Family Health Centers’ approach to offering comprehensive services to its patients was part of the reason why a visit was included on the CDC director’s nationwide tour promoting mental health services and suicide prevention. Another draw, she added, is the eight-story building going up just to the east of the clinic. The mixed-use, mid-rise structure will house a 20,000-square-foot mental health clinic with upper stories made from repurposed steel shipping containers creating 41 new housing units, 18 of which are reserved for unhoused San Diegans.

“The really remarkable thing about that new building is that they’re including housing,” Cohen said. “If you don’t have stability in your housing, stability in your food security, it’s hard to get well, and so I love that they included housing as part of their new building.”

The idea of integrating mental health care into primary health care is an idea that has been growing for decades since University of Washington psychiatrist Jürgen Unützer created a “collaborative care” model that calls for integration of mental health care into front-line primary care practice.

Most recently, Rady Children’s Hospital began using such a model in some of its primary care clinics with significant positive results. Having front-line doctors screen young patients for signs of depression, researchers found, correlated with a 44 percent reduction in symptoms of anxiety and a 66 percent reduction in depression symptoms. And an internal analysis of patient referral patterns also found that those who were screened in doctors offices showed up less frequently in the San Diego children’s hospital’s specialized psychiatric emergency department.

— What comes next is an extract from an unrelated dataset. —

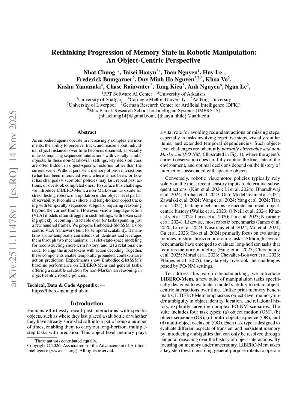 As embodied agents operate in increasingly complex environments, the ability to perceive, track, and reason about individual object instances over time becomes essential, especially in tasks requiring sequenced interactions with visually similar objects. In these non-Markovian settings, key decision cues are often hidden in object-specific histories rather than the current scene. Without persistent memory of prior interactions (what has been interacted with, where it has been, or how it has changed) visuomotor policies may fail, repeat past actions, or overlook completed ones. To surface this challenge, we introduce LIBERO-Mem, a non-Markovian task suite for stress-testing robotic manipulation under object-level partial observability. It combines short- and long-horizon object tracking with temporally sequenced subgoals, requiring reasoning beyond the current frame. However, vision-language-action (VLA) models often struggle in such settings, with token scaling quickly becoming intractable even for tasks spanning just a few hundred frames. We propose Embodied-SlotSSM, a slot-centric VLA framework built for temporal scalability. It maintains spatio-temporally consistent slot identities and leverages them through two mechanisms: (1) slot-state-space modeling for reconstructing short-term history, and (2) a relational encoder to align the input tokens with action decoding. Together, these components enable temporally grounded, context-aware action prediction. Experiments show Embodied-SlotSSM's baseline performance on LIBERO-Mem and general tasks, offering a scalable solution for non-Markovian reasoning in object-centric robotic policies.

Domonique Hensler, senior director of systemwide care at Rady, said in an interview in early April that the ongoing challenge with expanding integrated psychiatric care in pediatric doctor’s offices has not been training family medicine physicians to conduct screenings for signs of depression nor getting social workers to do immediate consultations, but rather getting health insurance companies to reimburse the work.

“Some are starting to remove their prior authorization requirements or already have, and that’s a game changer, but others still have a foot in both worlds,” Hensler said. “Some of the health plans sub delegate out to a third-party vendor, doing mental health care carve-outs with another agency.”

Medi-Cal, health insurance of last resort for California’s neediest residents, also has several programs that can support integration of mental health care within doctor’s offices, though existing programs don’t quite fit the system that has been created in its pediatric clinics, Rady analysts said.

Luke Bergmann, director of behavioral health for San Diego County, said in a recent interview that federally qualified health centers such as Family Health Centers have enhanced ability to get such services covered under Medi-Cal, a fact that Gordon confirmed.

What will it take to get this mode of care fully situated throughout American health care?

Talking to experts in different parts of the country, she said, is part of the process. Cohen said that understanding how medical providers are successfully integrating mental health into routine office visits can help change the system.

“Then I can go to my partners at Medi-Cal or at Medicare and say, ‘look, this is the best evidence,'” Cohen said.